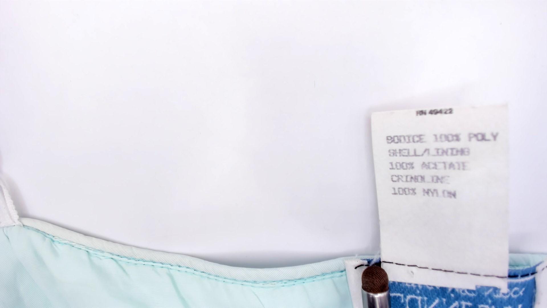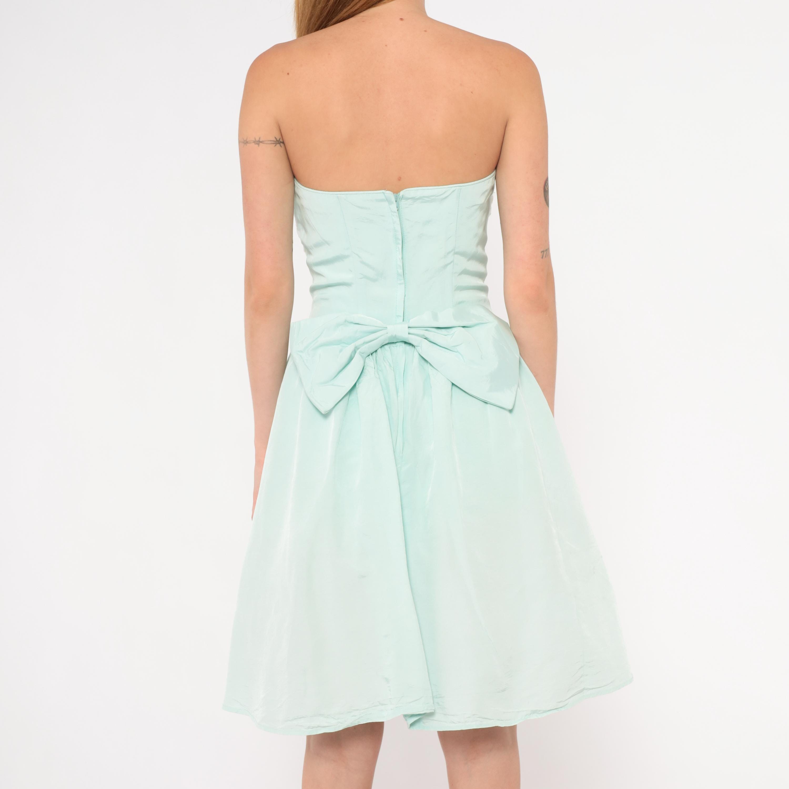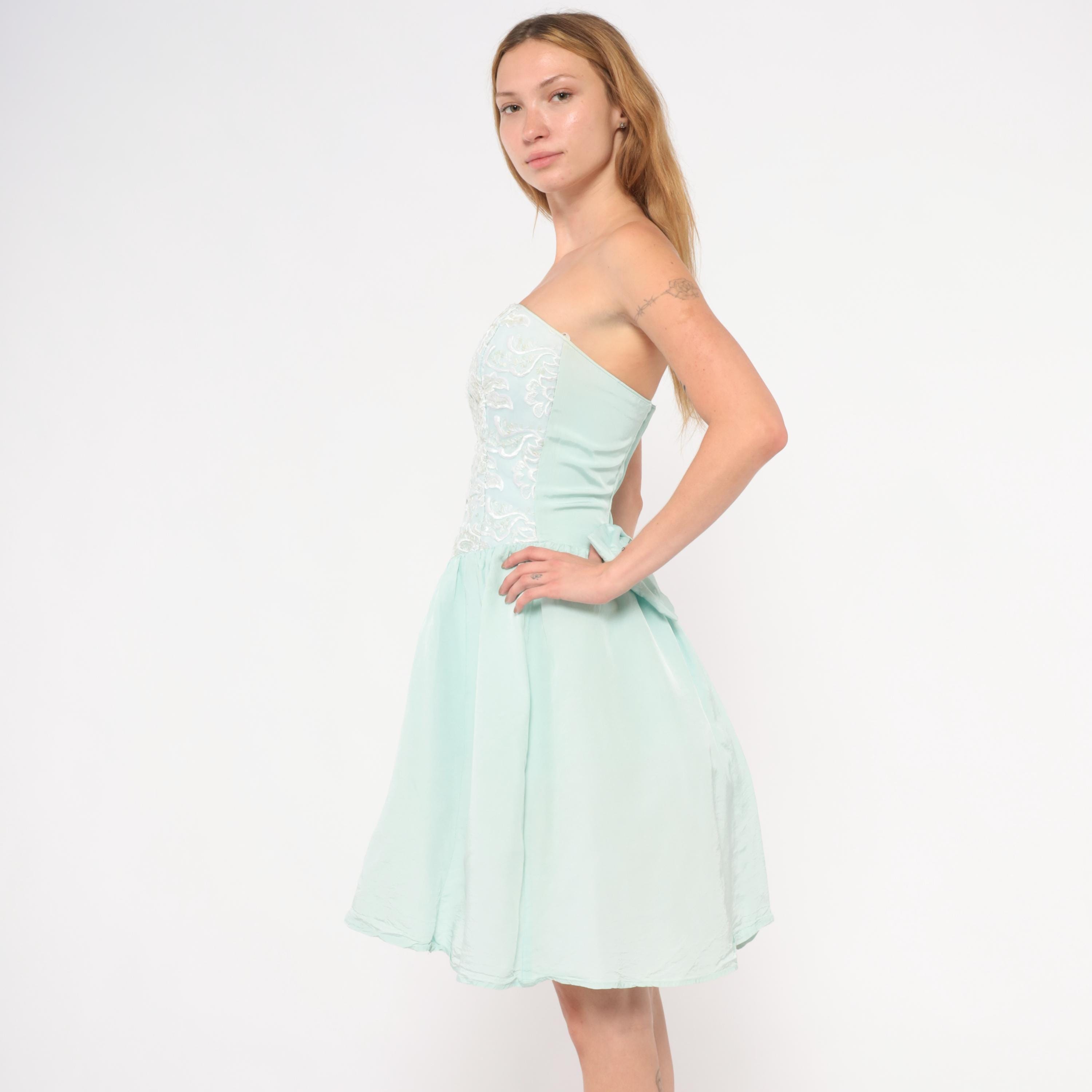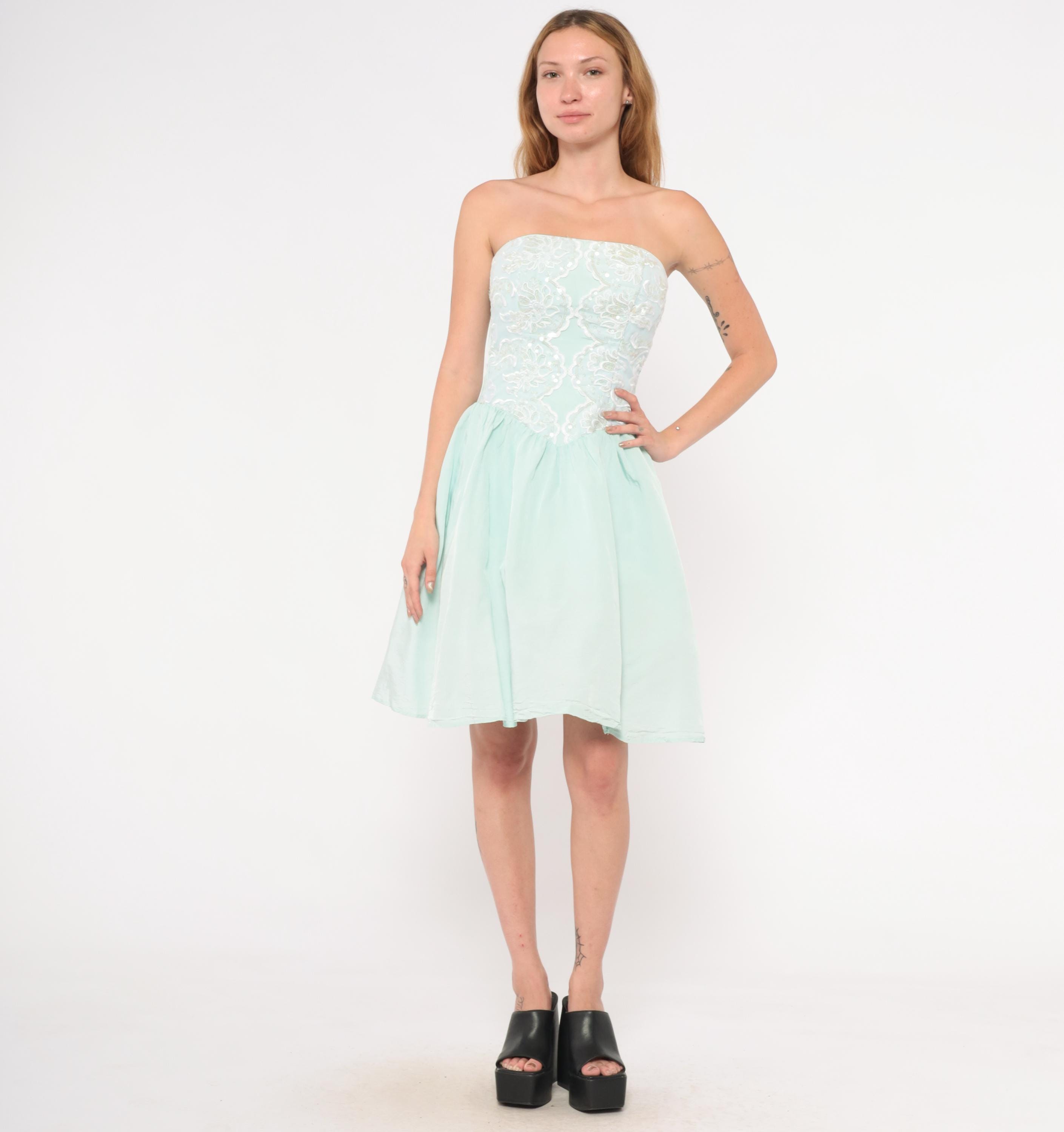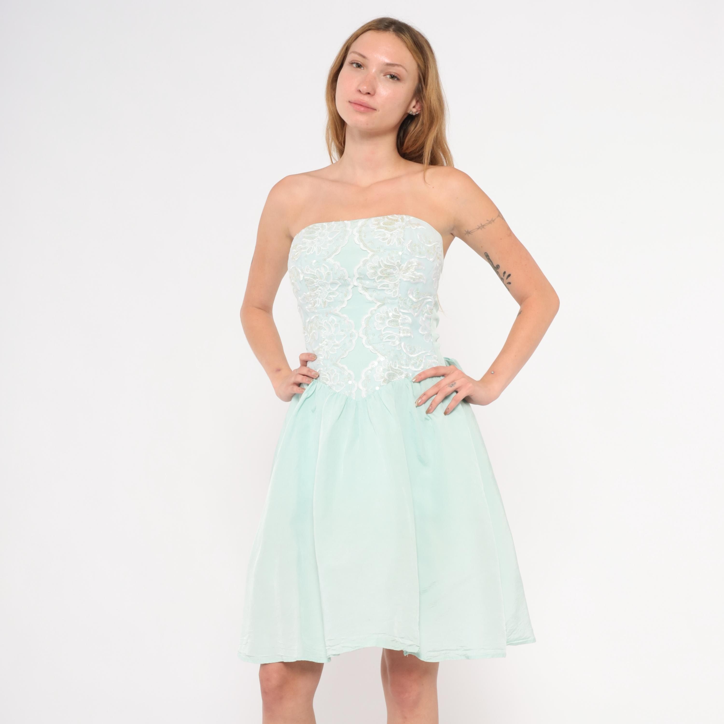 80s mint strapless dress from Gunne Sax with a fitted sequin and lace appliqué bodice and gathered A-line skirt. Sweetheart neckline with floral lace overlay and scattered clear sequins across the front. Back zipper closure with a large decorative bow at the waist. Ice blue skirt falls to knee length with a full, gathered shape.
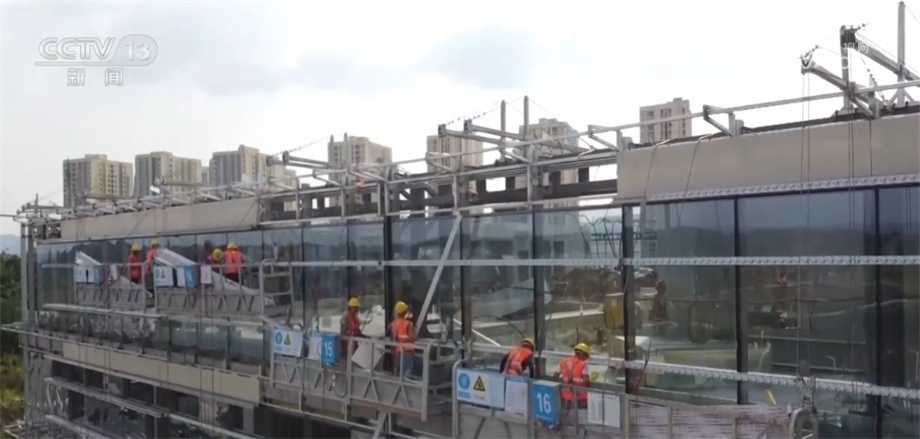 高溫下的堅(jiān)守 與太陽“捉迷藏”的幕墻安裝工
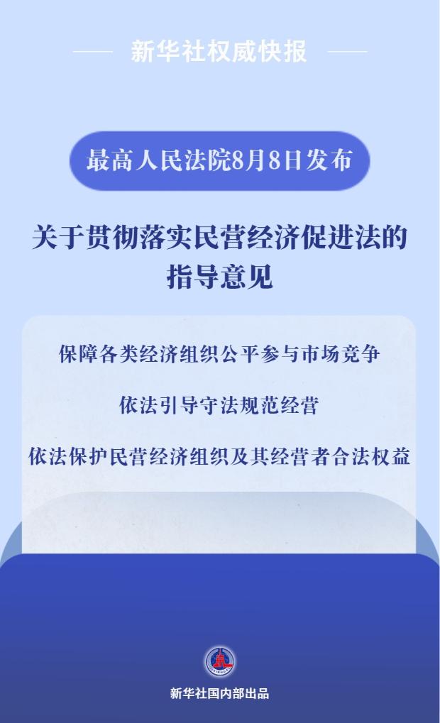 8月8日,最高人民法院发布关于贯彻落实《中华人民共和国民营经济促进法》的指导意见,提出25条具体措施,旨在破解民营经济发展难题,提供法治保障。
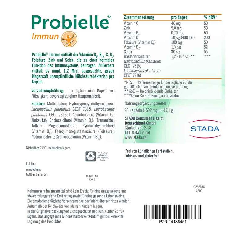 Probielle Immun ist ein Nahrungsergänzungsmittel mit den Vitaminen A, B6, B12, C und Folsäure sowie mit den Mineralstoffen Zink und Selen. Außerdem beinhaltet es folgende 2 Stämme mit mindestens 1,2 Milliarden ausgesuchten, gegen Magensaft unempfindlichen Milchsäurebakterien pro Kapsel: Lactobacillus plantarum CECT 7315 und Lactobacillus plantarum CECT 7316.
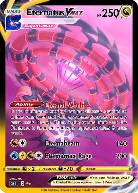 If this Pokémon is knocked out, put all cards attached to it into your hand, and your opponent does not take any prize cards. Though if this is the second time that this Pokémon is knocked out, your opponent takes 3 prize cards.Eternabeam • 140

*****

● THE TASK:
For each record above, write out its text exactly and skip any picture.

● TASK RESPONSE:
 80s mint strapless dress from Gunne Sax with a fitted sequin and lace appliqué bodice and gathered A-line skirt. Sweetheart neckline with floral lace overlay and scattered clear sequins across the front. Back zipper closure with a large decorative bow at the waist. Ice blue skirt falls to knee length with a full, gathered shape.
 高溫下的堅(jiān)守 與太陽“捉迷藏”的幕墻安裝工
 8月8日,最高人民法院发布关于贯彻落实《中华人民共和国民营经济促进法》的指导意见,提出25条具体措施,旨在破解民营经济发展难题,提供法治保障。
 Probielle Immun ist ein Nahrungsergänzungsmittel mit den Vitaminen A, B6, B12, C und Folsäure sowie mit den Mineralstoffen Zink und Selen. Außerdem beinhaltet es folgende 2 Stämme mit mindestens 1,2 Milliarden ausgesuchten, gegen Magensaft unempfindlichen Milchsäurebakterien pro Kapsel: Lactobacillus plantarum CECT 7315 und Lactobacillus plantarum CECT 7316.
 If this Pokémon is knocked out, put all cards attached to it into your hand, and your opponent does not take any prize cards. Though if this is the second time that this Pokémon is knocked out, your opponent takes 3 prize cards.Eternabeam • 140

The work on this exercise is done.